Alcohol consumption has a similar association. On the other hand, diets higher in fiber, vegetable protein, and starch correlate with lower levels of Gardnerella, suggesting these nutrients help protect the vaginal microbiome. Plant-based omega-3 fatty acids from nuts and seeds were also linked to healthier bacterial communities dominated by Lactobacillus. None of this means a single meal will change your vaginal scent overnight, but long-term dietary patterns do appear to play a role.

Douching and Scented Products Make It Worse

One of the most counterproductive things you can do about vaginal odor is try to wash it away with scented products. Douching, feminine washes, and scented wipes disrupt the very bacteria responsible for keeping the vagina healthy. Douching has been directly associated with higher rates of BV, pelvic inflammatory disease, and preterm birth. It introduces water or chemical solutions that alter vaginal pH and give pathogenic bacteria an opportunity to colonize.

Feminine wash products aren’t much better. One study found that women using feminine washes or gels had 3.5 times the odds of reporting BV and 2.5 times the odds of urinary tract infections compared to those who didn’t use them. Lab research has shown that some popular products, including well-known brands marketed specifically for vaginal care, completely killed off protective Lactobacillus bacteria within 24 hours of exposure. Researchers describe this as a “harmful cycle”: women wash to reduce a smell they perceive as a problem, the washing destroys protective bacteria, symptoms get worse, and the impulse to wash increases.

The vagina is self-cleaning. The vulva needs only warm water and, if you prefer, a mild, unscented soap on the external skin. Nothing should go inside the vaginal canal for cleaning purposes.

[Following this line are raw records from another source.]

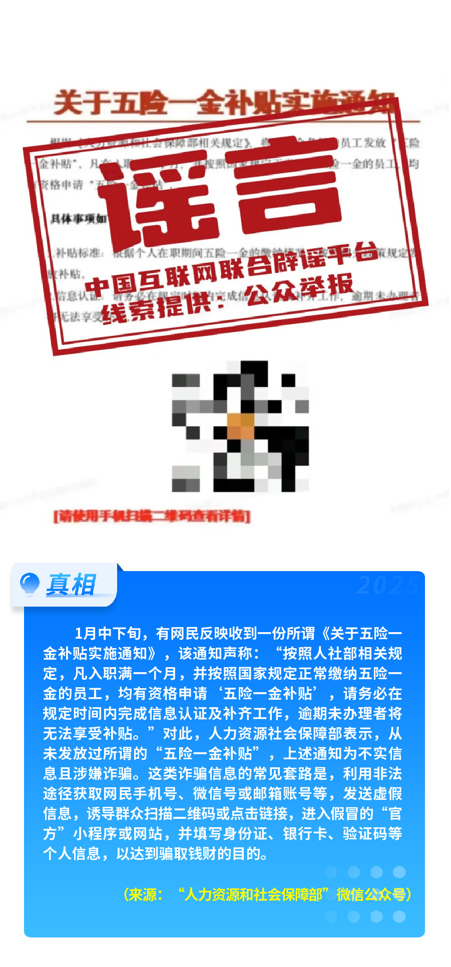 社会民生类虚假信息误导认知。一些不法分子假冒官方名义发布所谓“通知”“规定”,企图达到行骗牟利的目的。如有人假冒人社部门发布“关于五险一金补贴实施通知”,实质上是诱导群众扫描二维码,进入假冒的“官方”小程序或网站,进而骗取个人信息,伺机不法获利。又如,“成都地铁招聘提前预定名额”“济南地铁校园招聘有‘真题’”等消息,实为不法中介和培训机构以“预定名额”“保通过率”为噱头发布的虚假宣传,目的是借此名义骗取应聘者培训费、活动费等。更为恶劣的是,有居心叵测之人炮制“南京献血车开进中小学校园”谣言,将南京林业大学组织献血的照片“张冠李戴”为南京某中小学,意图煽动情绪、制造矛盾。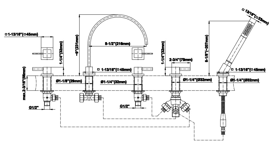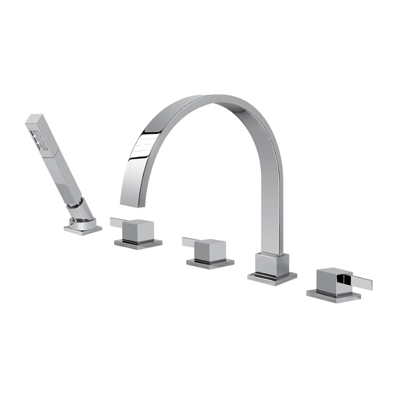 Graff Qubic Bateria wannowa 5-otworowa z zestawem prysznicowym Chrom E-6251-LM39B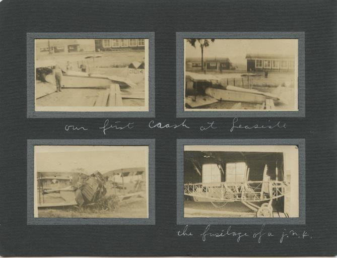 Keywords: 1910s world war i worldwari royal flying corps royalflyingcorps royal air force royalairforce crashes aircraft curtiss jn4 curtissjn4 text "Our first crash at Leaside" "the fusilage [fuselage] of a j.n.4." Photographs taken by Harry McBride (1893-1969), who worked as a rigger in the Royal Flying Corps and Royal Air Force during the First World War. He was stationed at Camp Mohawk near Deseronto, Ontario, and also at Camp Taliaferro near Fort Worth, Texas. Scanned images donated to the Archives by Dan McBride, Harry's grandson. "Our first crash at Leaside" "the fusilage [fuselage] of a j.n.4." Photographs taken by Harry McBride (1893-1969), who worked as a rigger in the Royal Flying Corps and Royal Air Force during the First World War. He was stationed at Camp Mohawk near Deseronto, Ontario, and also at Camp Taliaferro near Fort Worth, Texas. Scanned images donated to the Archives by Dan McBride, Harry's grandson. |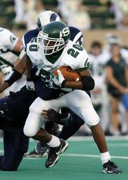 Keywords: football running back ball carrier tackle power running gridiron male sport ball headgear american football player player back competition helmet play green action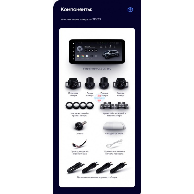 Автомагнитола-планшет, рамка, электронная инструкция, схема подключения проводов, Антенна GPS, Антенна 4G, салфетка, отвёртка и шурупы, провода аудио и видео, USB-кабель, комплект камер кругового обзора (4 шт.), сверло, отладочная ткань, накладки и крепления, провод входного видеосигнала, провода соединения кругового обзора, удлинитель питания сигнала поворота.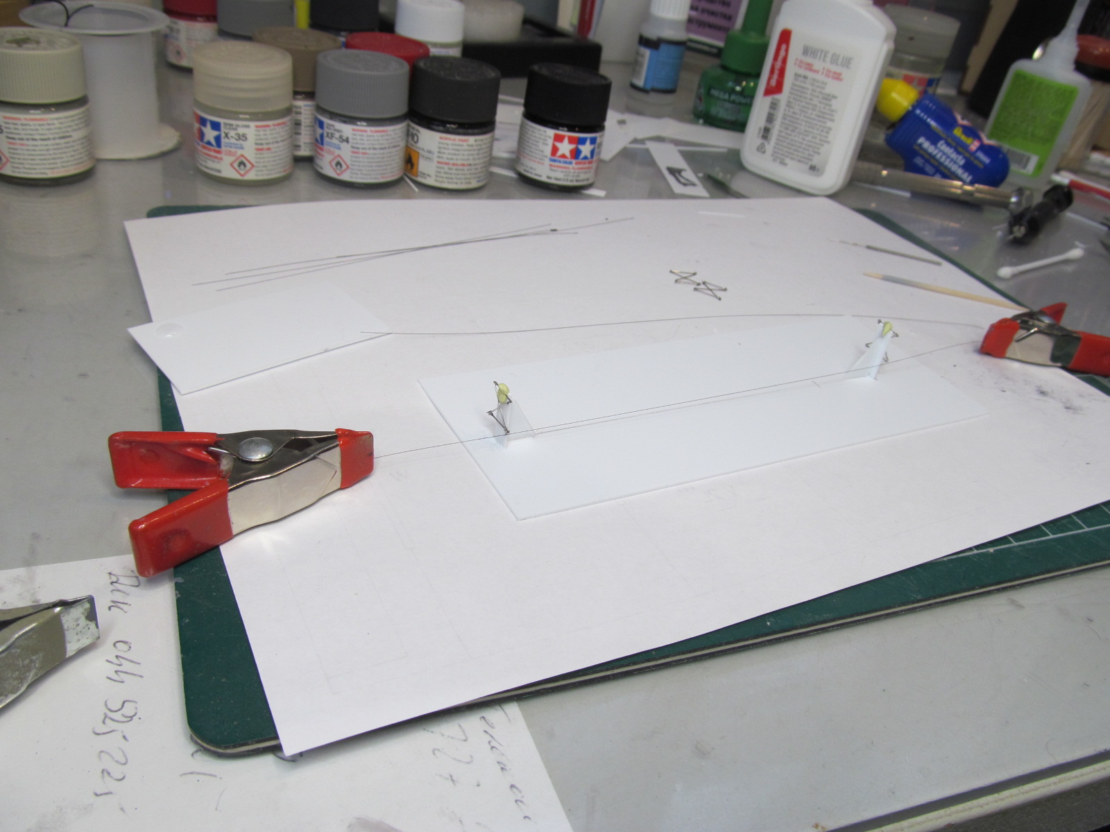 Нет, Адмирал! В кондукторе ты каждую нить насмерть приклеиваешь цианоакрилатом к базе кондуктора. И когда всё собрал - отрезаешь тончайшим лезвием и за хвостики переносишь на мачты.

Forgotten Tampons and Foreign Objects

A sudden, intensely foul or rotting smell that seems to come out of nowhere is a classic sign of a retained object, most commonly a forgotten tampon. The smell is unmistakable and very different from the fishy odor of BV. It may be accompanied by unusual discharge, pelvic pain, or fever.

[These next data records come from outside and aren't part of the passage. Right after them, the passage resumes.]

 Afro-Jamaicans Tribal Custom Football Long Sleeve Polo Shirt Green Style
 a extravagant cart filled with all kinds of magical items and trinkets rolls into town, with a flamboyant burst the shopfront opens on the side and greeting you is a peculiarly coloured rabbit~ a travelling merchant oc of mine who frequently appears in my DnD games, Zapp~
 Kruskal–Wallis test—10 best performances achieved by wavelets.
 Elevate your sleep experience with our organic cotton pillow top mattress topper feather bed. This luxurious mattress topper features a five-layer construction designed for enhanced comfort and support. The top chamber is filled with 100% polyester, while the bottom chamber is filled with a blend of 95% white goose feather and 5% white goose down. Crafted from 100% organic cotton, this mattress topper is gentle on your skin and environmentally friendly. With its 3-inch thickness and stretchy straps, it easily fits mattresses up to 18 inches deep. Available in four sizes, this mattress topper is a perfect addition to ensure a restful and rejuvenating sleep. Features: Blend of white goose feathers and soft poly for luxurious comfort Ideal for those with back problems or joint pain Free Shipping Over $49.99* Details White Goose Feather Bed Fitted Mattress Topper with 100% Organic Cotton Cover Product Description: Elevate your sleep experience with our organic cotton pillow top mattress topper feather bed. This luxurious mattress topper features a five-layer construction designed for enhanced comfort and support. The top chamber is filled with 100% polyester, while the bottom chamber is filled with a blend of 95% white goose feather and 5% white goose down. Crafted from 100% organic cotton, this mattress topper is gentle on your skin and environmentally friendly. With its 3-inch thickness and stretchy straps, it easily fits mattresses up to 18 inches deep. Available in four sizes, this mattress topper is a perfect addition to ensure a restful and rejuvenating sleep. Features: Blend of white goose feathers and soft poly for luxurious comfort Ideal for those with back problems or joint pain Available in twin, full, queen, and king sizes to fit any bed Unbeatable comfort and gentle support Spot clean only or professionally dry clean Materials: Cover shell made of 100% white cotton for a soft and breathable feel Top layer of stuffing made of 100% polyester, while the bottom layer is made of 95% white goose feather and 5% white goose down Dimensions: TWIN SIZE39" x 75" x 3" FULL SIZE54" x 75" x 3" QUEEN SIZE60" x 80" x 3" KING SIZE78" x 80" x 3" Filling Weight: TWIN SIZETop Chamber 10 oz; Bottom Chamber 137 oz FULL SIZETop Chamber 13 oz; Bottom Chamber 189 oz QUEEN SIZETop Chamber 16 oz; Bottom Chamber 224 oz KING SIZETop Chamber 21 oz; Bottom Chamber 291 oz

If you suspect a retained tampon, you can try to remove it carefully yourself by bearing down and reaching in with clean fingers. If you can’t reach it, if you think part of it may still be inside, or if you develop fever, pain, swelling, or worsening discharge, seek medical help promptly. A stuck object should be removed as soon as possible to avoid complications. Never try to fish something out with another object, and if anything fragile breaks during removal, go to an emergency department.

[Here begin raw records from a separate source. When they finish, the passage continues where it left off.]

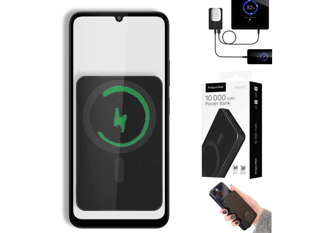 Bežična powerbanka Kruger&Matz 10000 mAh Mag Safe crna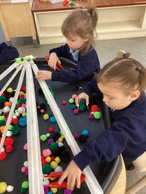 We used our strong hands to place ‘baubles’ on the Christmas tree 🎄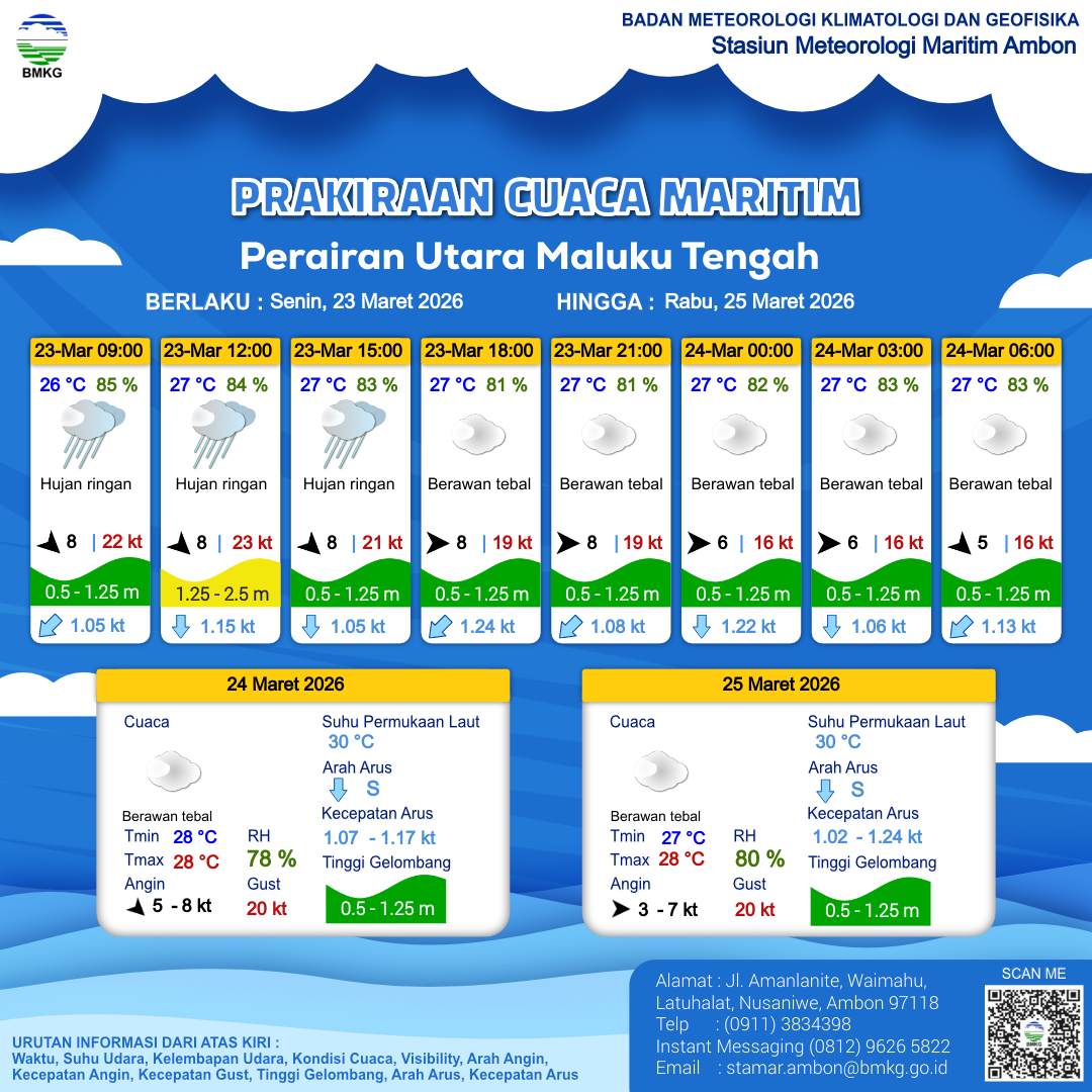 23 Mar 26, 19.00 2 jam kedepan | Utara 5 kt Gust Peningkatan kecepatan angin yang singkat dan tiba-tiba : 19 kt | 0.6 m Rendah | Selatan 0.8 Knots | 27 °C | 83 % | |

Persistent or Recurring Odor

If you’ve ruled out sweat, cycle-related changes, and hygiene products, and the smell persists for more than a few days or keeps coming back, testing can identify the cause. Doctors can check vaginal pH, examine discharge under a microscope, and run targeted tests for BV, trichomoniasis, or yeast. Because symptoms of different infections overlap so much, getting an accurate diagnosis matters. BV, trichomoniasis, and yeast infections each require different treatments, and guessing wrong with over-the-counter products can delay relief or make the underlying problem worse.